St Mary’s Church, Portskewett

Postcode
NP26 5TJ

Sunday Services
9.15 – Holy Eucharist

Worship

We gather every Sunday to worship together. Our worship centres around sharing at God’s table in the Eucharist, sung worship and hearing from God’s word.

Map & Accessibility

Parking – on the roads adjacent to the churchyard.

Churchyard – There are steps us to the churchyard from Main Road but level access from Sudbrook Road.

Church – There is a ramp down into the church. The pews are on a raised platform so there is a small step up into them.

Toilets – There is an accessible in the small heritage centre in the churchyard.

History

The parish church of St. Mary is mostly Norman with its massive walls and its chancel arch. It consists of nave and chancel, a tower at the West end, and a large porch on the South side.  It is considered to be one of the best examples of early architecture in South Wales.
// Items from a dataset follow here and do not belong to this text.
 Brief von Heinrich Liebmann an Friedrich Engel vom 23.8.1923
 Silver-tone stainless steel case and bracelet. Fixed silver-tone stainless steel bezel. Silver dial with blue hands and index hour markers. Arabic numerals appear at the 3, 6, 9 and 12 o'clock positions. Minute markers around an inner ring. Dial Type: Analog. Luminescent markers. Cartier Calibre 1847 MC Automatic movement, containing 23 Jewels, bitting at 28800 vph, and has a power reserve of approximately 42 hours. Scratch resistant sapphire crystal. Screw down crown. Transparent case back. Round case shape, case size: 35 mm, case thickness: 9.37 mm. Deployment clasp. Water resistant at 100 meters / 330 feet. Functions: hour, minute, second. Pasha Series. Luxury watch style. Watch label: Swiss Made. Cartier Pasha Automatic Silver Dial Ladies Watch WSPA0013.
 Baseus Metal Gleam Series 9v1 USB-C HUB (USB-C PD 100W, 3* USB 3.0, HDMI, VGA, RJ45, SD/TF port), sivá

In the year 1064 Harold, soon afterwards King of England, built what has been described as a castle or hunting lodge in Portskewett near the church.  Whatever the building was, it is a point of much interest and it is pleasing to think that both Harold and Edward the confessor, whom some say he entertained there, probably worshiped in the church.  The “Castle,” however, did not last long, it was destroyed in 1569 by Carodoc of Caerleon, a Welsh chieftain.
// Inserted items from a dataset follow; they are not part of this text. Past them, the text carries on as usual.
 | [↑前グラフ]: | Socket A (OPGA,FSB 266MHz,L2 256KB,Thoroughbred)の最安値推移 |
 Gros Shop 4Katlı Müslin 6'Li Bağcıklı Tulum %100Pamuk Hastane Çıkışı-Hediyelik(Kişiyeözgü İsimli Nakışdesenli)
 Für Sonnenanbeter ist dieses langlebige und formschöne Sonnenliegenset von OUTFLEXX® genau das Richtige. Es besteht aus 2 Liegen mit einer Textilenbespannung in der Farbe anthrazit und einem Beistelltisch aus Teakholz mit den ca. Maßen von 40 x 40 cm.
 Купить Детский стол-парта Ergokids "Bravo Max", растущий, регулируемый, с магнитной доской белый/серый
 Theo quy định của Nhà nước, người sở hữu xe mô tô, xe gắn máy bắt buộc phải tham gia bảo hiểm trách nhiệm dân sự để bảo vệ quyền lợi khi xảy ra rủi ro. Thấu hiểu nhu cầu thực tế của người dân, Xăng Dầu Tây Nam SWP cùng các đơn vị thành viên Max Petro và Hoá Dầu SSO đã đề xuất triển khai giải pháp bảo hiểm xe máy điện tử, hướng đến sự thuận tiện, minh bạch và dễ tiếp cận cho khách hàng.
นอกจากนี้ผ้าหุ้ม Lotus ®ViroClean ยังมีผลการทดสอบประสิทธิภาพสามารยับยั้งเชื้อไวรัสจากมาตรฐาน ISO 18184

In the North wall is the remains of what is thought to have been a priest’s door, and over it is a massive stone with Greek shaped cross cut into it. This might be Saxon, or at least early Norman.
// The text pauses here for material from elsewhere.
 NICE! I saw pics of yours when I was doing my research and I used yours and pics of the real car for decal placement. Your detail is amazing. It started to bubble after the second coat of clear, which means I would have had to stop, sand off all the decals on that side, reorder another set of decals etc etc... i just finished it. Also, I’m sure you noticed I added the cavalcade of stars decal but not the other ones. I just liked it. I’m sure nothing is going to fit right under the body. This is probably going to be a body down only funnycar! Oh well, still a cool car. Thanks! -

There is also a built in doorway in the North wall of the Chancel. The East window and another on the South side of the chancel were probably built by an unskilled workman who was trying to imitate something better.

In the churchyard, lie the remains of a fine churchyard cross.  Some people suppose the church to have been built by Harold.  Its plainness and the military character of the tower with its turrets, and its proximity to the traditional site of Harold’s castle lead credence to this view.

Over the last 1000 years the parish and even church has played host to a number of key figures. King Harold lived occasionally in the parish before 1066. King Charles I passed through in 1645. During the 1939-45 war King George VI and Queen Elizabeth rested in the Royal Train at the station siding prior to their tours of South Wales. Mr Winston Churchill also stayed a night here during the war. In 1948 Princess Elizabeth followed their example.

Copies of the booklet, ‘THE HISTORY OF OUR PARISH’, by Revd .E.T. Harvard B.A. can be obtained from the church.